You may use the online NEOS server if you do not wish to obtain the AMPL demo package and install it on your machine. If you use the server, use the three files in the attached zip.

If obtaining the solution is sufficient, you may use AMPL on your PC or on the NEOS server. If you wish to call the AMPL solver from a Fortran or C program, a number of methods may be tried, but mating a Fortran program to the AMPL solvers is non-trivial.

roy437
Beginner
584 Views

Thank you very much mecej4.

The solutions are good, I checked them. I installed the AMPL Command Line download for Windows program, but it gives me an error.
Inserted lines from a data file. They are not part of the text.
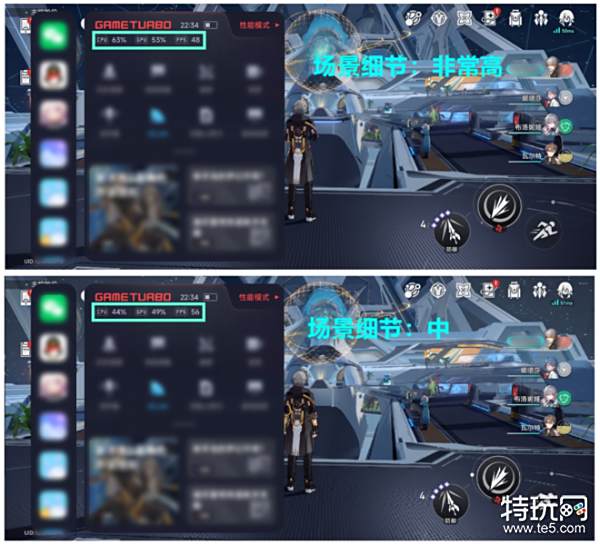 在具体设置方面建议安卓用户可以直接调节至『中』,在手机上非常高&高分辨率选项的实际分辨率都是1680*756,而调节至中后实际分辨率为1440*648。而这项画面设置的调节可以节省10%到13%的GPU性能。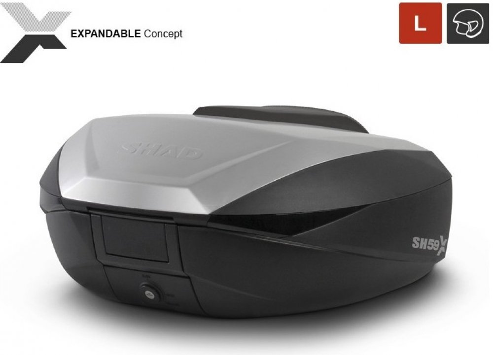 SH59X je jedinečný vrchní kufr na motorku na trhu. Jeho inovativní design umožňuje regulovat objem ve 3 různých polohách během několika vteřin (46, 52 a 59 litrů), a je tak možné do něj uložit až 2 XXL helmy, aniž byste je museli pokládat na bok, plus cestovní doplňky. Uvnitř má tento kufr přidržovací popruhy, které zajišťují, že se náklad během jízdy nepohybuje.Horní víko kufru je vyrobeno z hliníku o tloušťce 0,8 mm a zbytek je vyroben ze zesíleného polypropylenu. Jeho konstrukce zaručuje vysokou tuhost a odolnost při zachování minimální hmotnosti. Jako příslušenství lze do tohoto kufru dokoupit vnitřní rozšiřitelnou tašku (X0IB10). Tato taška s vrchním otevíráním a vnější kapsou je perfektní doplněk, kdy je třeba převézt náklad bezpečně a pohodlně. Je vyrobena z vysoce kvalitních materiálů.Kufr SH59X nabízí maximální zabezpečení díky inovativnímu hermetickému zámku „Smart Lock System“, s automatickou sklopnou rukojetí a hermetickým zámkem se třemi polohami. Tento systém umožňuje otevřít a zavřít kufr pouze jednou rukou bez klíče. Klíč použijeme pouze pokud chceme kufr zamknout nebo odemknout nebo sejmout či připevnit k motorce.Díky špičkové technologii a inovativnímu designu získal vrchní kufr SH59X prestižní cenu Reddot Design Award 2017, což je pojem mezi designéry a výrobci. Patentovaný systém, který reguluje objem SH59X a umožňuje zvětšení nebo zmenšení jeho velikosti, jej přeměňuje na vysoce funkční a praktický vrchní kufr, který se za všech okolností přizpůsobí potřebám motorkářů:- velikost L: nabízí objem 46l, vhodný pro každodenní přepravu všeho potřebného- velikost XL: druhá poloha, která nabízí objem až 52l, vhodná pro kratší víkendové výlety s kapacitou pojmout až 2 XL přilby- velikost XXL: třetí poloha, která nabízí objem až 59l, dost velký na to, abyste uvezli vše, co potřebujete pro úžasné dobrodružství, o kterém jste tak dlouho snili. S kapacitou pro uložení 2 XXL přileb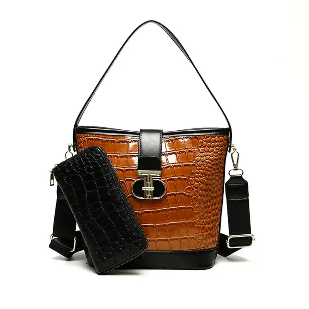 "Get ready to make a statement with our French Texture And Chic Crocodile Pattern Bucket Satchel! The perfect blend of sophistication and quirkiness, this satchel is sure to turn heads. The French texture adds a touch of elegance while the chic crocodile pattern adds a playful twist. Perfect for any fashion-forward individual!"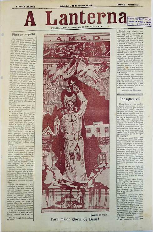 Keywords: A Lanterna, Francisco Ferrer, Anti-clericalism, Iconography, Brazil’s First Republic.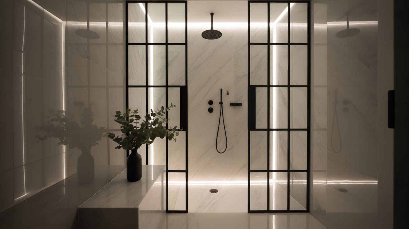 Black frames act like eyeliner for your shower area: they define, highlight, and add structure. The result is clean, confident, and incredibly Instagram-worthy.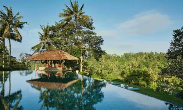 Inspired by a traditional village Amandari is framed by jungle and rice terraces in Balis cultural heartland. Alang-alang-thatched houses some with pools - all with private tropical gardens - cosset guests under bamboo ceilings their suites elegantly decorated with teak and coconut-wood. The grounds are both sacred and essential to local families; children attend dance classes here and religious processions pass through regularly leading down the steps that spill below Amandari to a 7th-century stone tiger - a motif repeated throughout the property. Follow the road out of the village to hike or bike the emerald-green landscape or head further afield for artisan villages - hidden temples and the palaces and boutiques of Ubud.
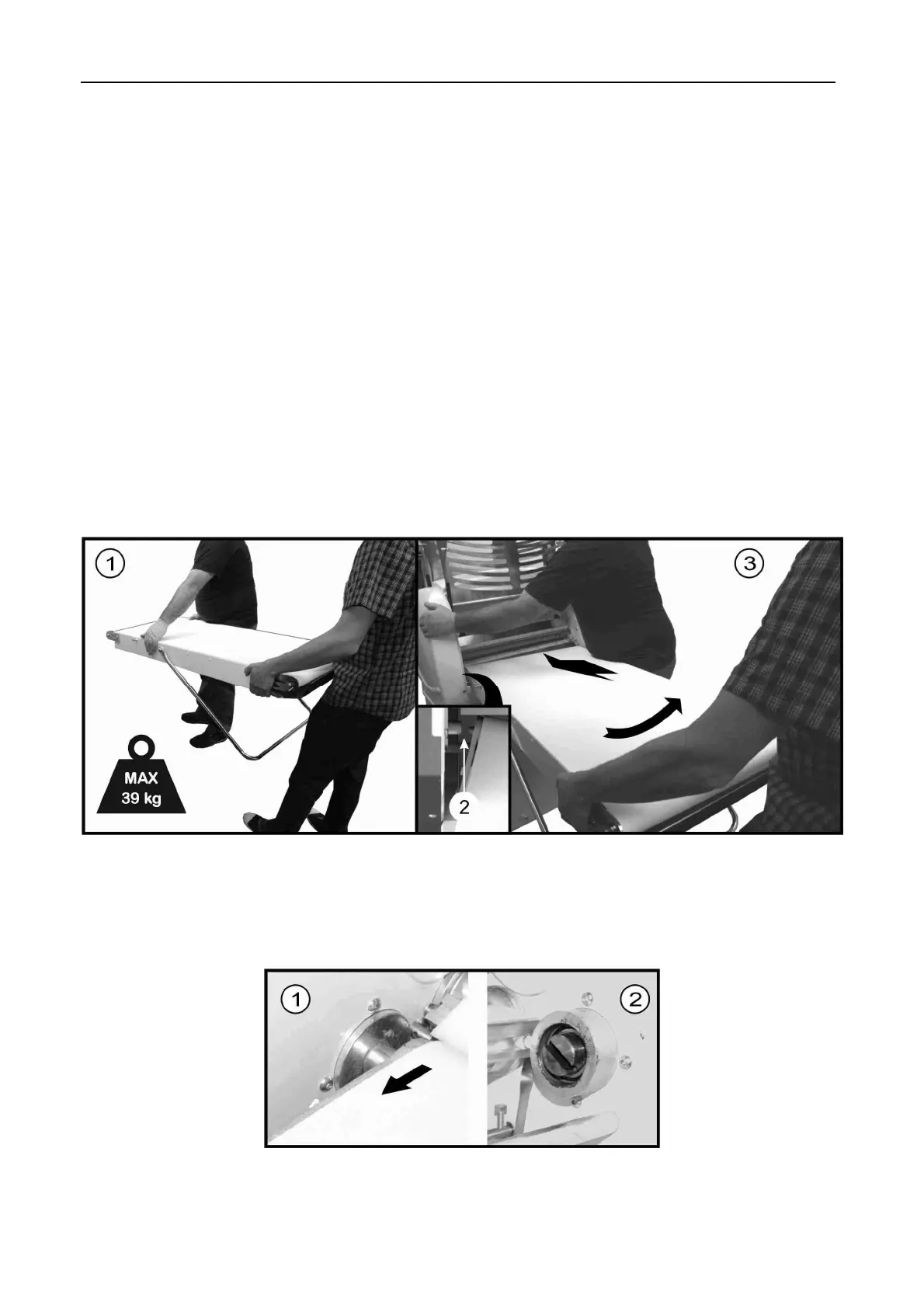 • At the same time, the other operator must slightly rotate the table, as indicated by the arrow,

Please, can you tell me what commands to give or how to proceed with the three files royM11.

 

ampl.jpg

mecej4
Black Belt
573 Views

There are a number of tutorials for running AMPL from the command line, or using the Eclipse-based IDE, and the AMPL language itself. For now, since you have AMPL installed locally, the following is the simplest approach:

  • open a CMD window, and set the path to include the directory containing AMPL.EXE.
  • in your working directory,  copy the code in the box in my post above (not the the files in the zip, which are for NEOS) to, say, M11.mod .
  • enter the command 
ampl M11.mod

You will see the results displayed at the console.

roy437
Beginner
569 Views

Thanks mecej4,

I did it. Can I redirect the result to a file?

mecej4
Black Belt
560 Views

Of course. The command can be

ampl M11.mod > M11.out

You can then type the M11.out file, open it in Notepad or another editor, Word, etc.

roy437
Beginner
587 Views

Thank you very much mecej4, 

Now it is very clear what I have to do, I will test the program for values greater than 11.

Thousands of thanks, good health and happiness.

You are a great man !

roy437
Beginner
578 Views

Mecej4,

One more question, can I find all the solutions?

mecej4
Black Belt
553 Views

I do not know much about the mathematical nature of such problems, but I think that in general we do not know if a solution exists at all, or how many solutions exist. From the typical solver's point of view, it will either give one solution if it can find one, or announce failure, and then terminate. A different solver may find a different solution. In fact, for the cases where I gave two solutions, I used the ILOGCP solver for one and the Gurobi solver for the other.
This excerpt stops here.